### INPUT MATERIAL ###

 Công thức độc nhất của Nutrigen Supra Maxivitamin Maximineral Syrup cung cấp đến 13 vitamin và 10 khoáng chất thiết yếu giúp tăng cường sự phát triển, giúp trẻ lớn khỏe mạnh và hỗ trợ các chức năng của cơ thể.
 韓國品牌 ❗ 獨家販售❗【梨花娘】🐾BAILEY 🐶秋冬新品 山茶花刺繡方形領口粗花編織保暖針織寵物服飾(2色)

###
### INPUT MATERIAL ###

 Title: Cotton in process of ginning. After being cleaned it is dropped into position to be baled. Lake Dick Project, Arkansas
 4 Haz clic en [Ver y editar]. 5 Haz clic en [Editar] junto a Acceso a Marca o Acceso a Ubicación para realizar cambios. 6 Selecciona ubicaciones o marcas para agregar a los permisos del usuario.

###
### INPUT MATERIAL ###

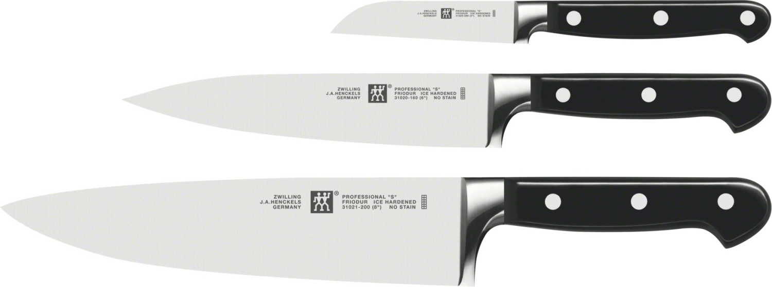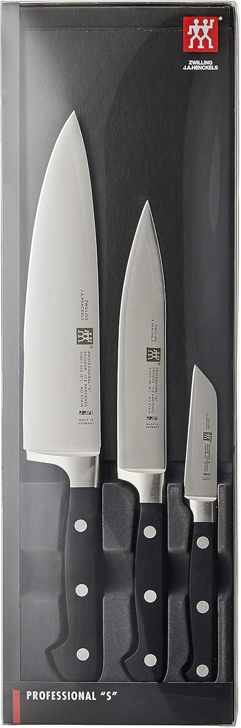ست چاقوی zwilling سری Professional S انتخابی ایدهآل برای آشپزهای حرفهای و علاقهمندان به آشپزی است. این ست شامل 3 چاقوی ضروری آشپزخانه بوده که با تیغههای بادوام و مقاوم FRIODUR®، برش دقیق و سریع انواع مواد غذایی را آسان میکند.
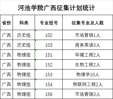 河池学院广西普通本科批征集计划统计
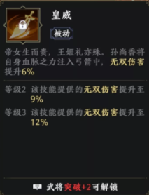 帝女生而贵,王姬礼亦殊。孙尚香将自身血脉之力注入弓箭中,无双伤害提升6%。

###

Would you copy, unchanged, the stretch of the records above that begins at the line containing "Công thức độc" and ends at the line containing "韓國品牌 ❗ 獨家販售❗【梨花娘】🐾BAILEY", and only that?

 Công thức độc nhất của Nutrigen Supra Maxivitamin Maximineral Syrup cung cấp đến 13 vitamin và 10 khoáng chất thiết yếu giúp tăng cường sự phát triển, giúp trẻ lớn khỏe mạnh và hỗ trợ các chức năng của cơ thể.
 韓國品牌 ❗ 獨家販售❗【梨花娘】🐾BAILEY 🐶秋冬新品 山茶花刺繡方形領口粗花編織保暖針織寵物服飾(2色)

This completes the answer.